Data entries
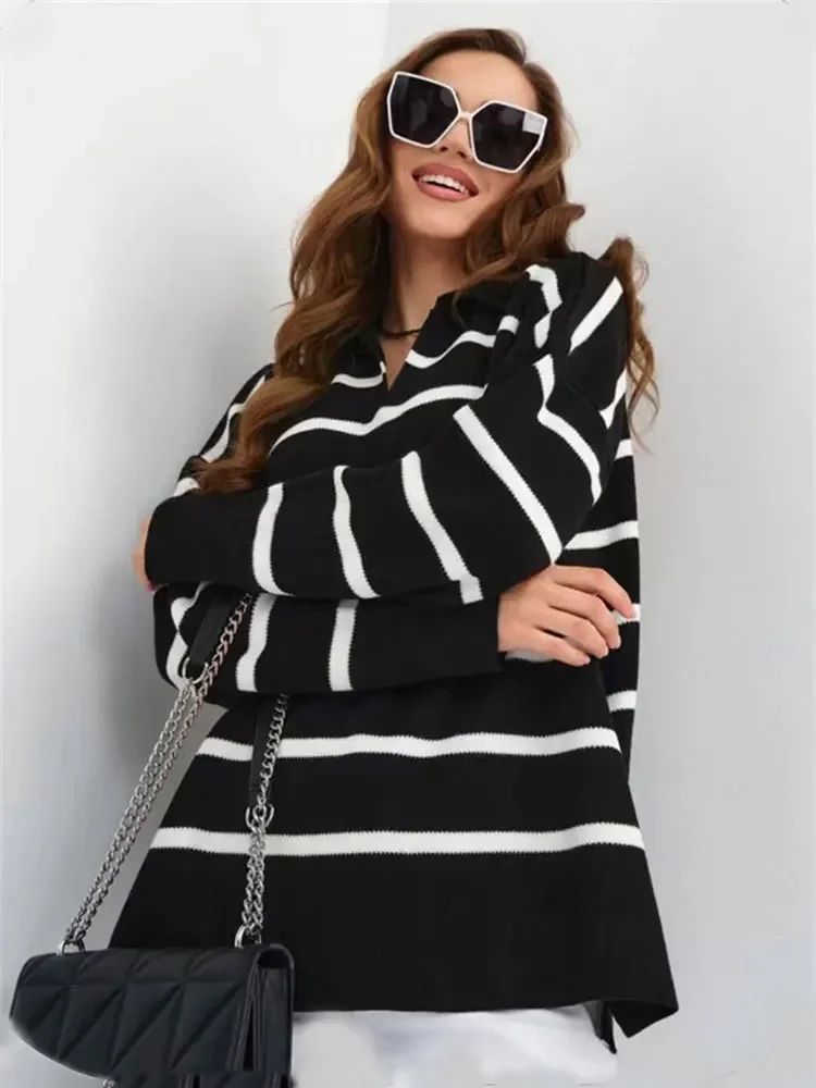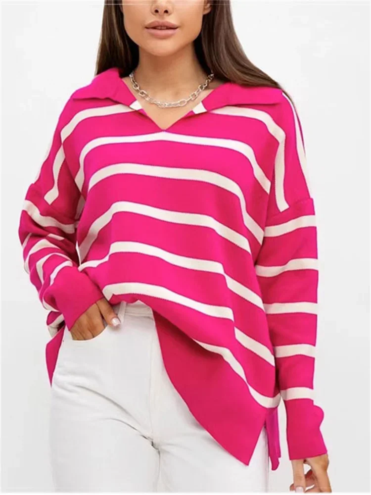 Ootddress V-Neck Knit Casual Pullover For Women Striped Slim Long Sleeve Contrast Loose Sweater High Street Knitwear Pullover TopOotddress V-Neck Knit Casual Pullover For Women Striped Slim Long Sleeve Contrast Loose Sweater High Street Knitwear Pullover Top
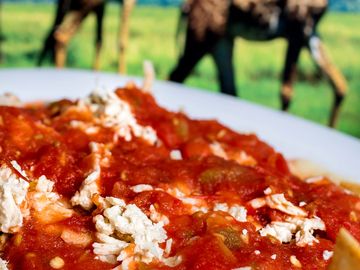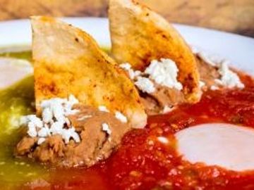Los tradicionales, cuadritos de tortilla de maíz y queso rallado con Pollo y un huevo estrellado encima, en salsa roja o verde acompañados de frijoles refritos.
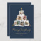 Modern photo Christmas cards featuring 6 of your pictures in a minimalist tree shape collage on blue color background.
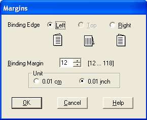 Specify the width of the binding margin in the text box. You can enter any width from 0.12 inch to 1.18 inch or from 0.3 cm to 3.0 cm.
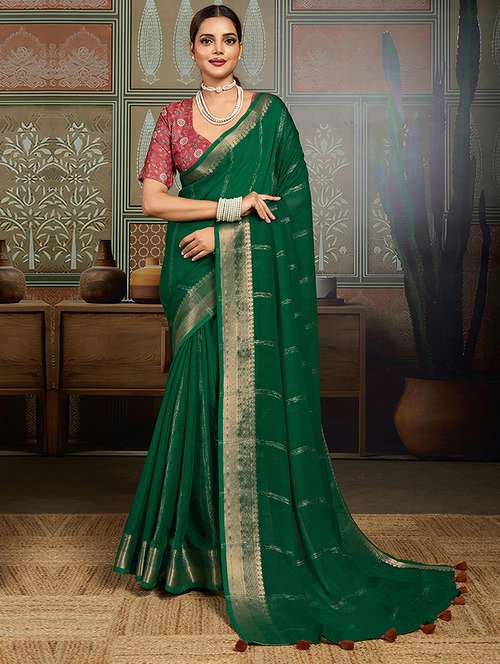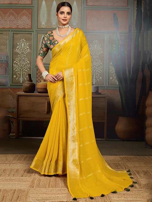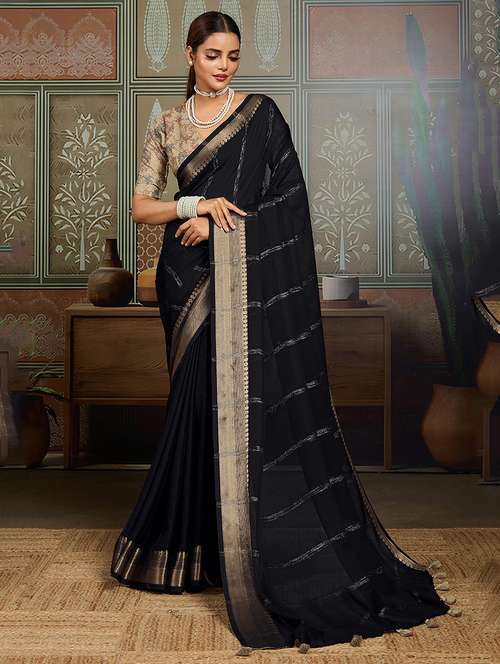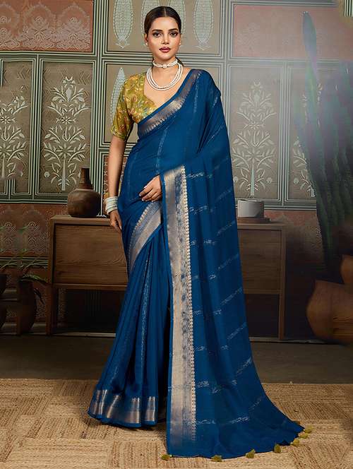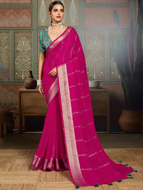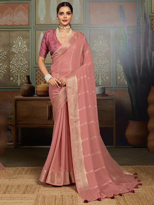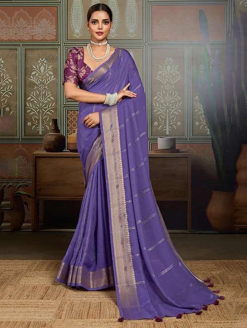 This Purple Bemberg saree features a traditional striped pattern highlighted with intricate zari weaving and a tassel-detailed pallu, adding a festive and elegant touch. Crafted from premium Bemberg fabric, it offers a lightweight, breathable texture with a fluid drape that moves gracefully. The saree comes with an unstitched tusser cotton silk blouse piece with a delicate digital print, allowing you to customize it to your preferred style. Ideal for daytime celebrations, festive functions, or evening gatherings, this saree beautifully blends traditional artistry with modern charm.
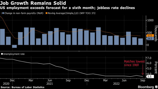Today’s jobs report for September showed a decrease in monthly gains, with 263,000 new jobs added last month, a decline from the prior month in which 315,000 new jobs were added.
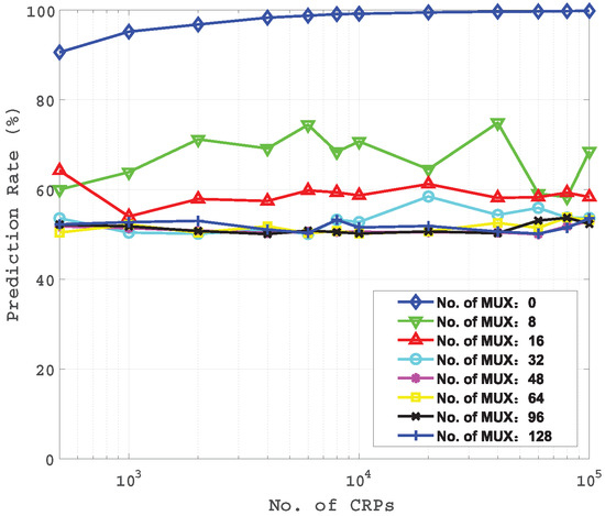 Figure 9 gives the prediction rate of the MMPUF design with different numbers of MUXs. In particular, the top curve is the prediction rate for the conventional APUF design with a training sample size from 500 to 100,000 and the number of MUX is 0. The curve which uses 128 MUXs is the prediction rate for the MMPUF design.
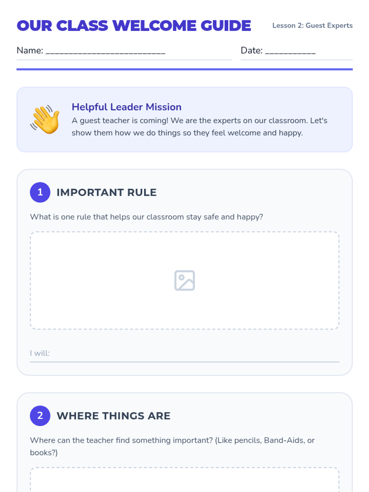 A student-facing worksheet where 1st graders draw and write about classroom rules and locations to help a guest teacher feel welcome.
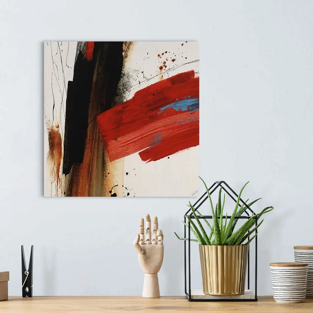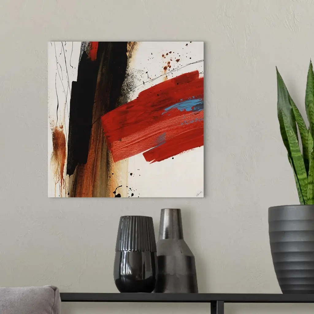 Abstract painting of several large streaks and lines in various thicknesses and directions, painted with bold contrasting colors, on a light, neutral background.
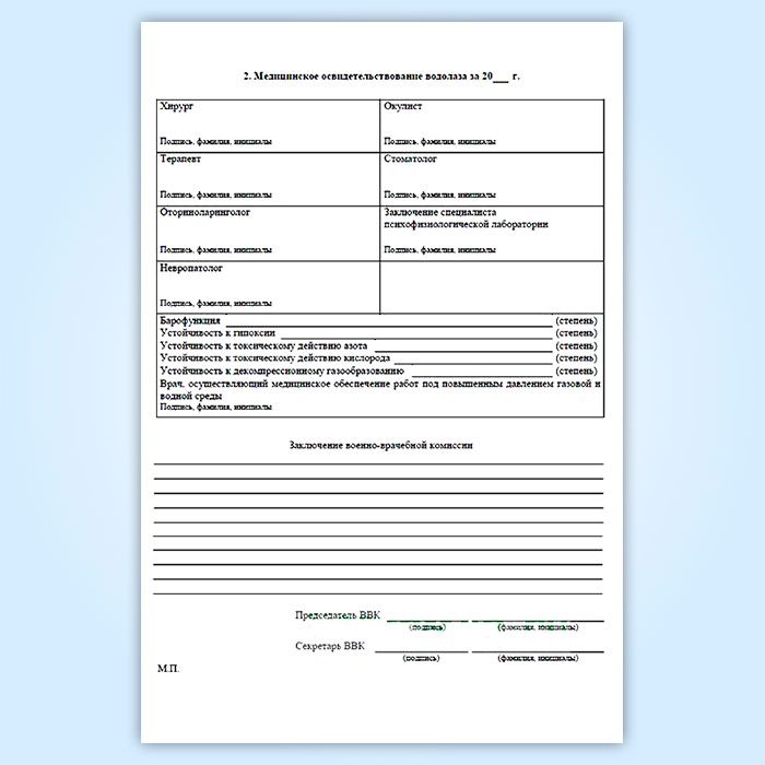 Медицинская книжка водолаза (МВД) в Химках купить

WHAT YOU SHOULD DO:
Repeat exactly the lines above, beginning at the one containing "Modern photo Christmas" and ending at the one containing "Specify the width". Do not carry over any pictures.

SOLUTION FOR THIS PROBLEM:
 Modern photo Christmas cards featuring 6 of your pictures in a minimalist tree shape collage on blue color background.
 Specify the width of the binding margin in the text box. You can enter any width from 0.12 inch to 1.18 inch or from 0.3 cm to 3.0 cm.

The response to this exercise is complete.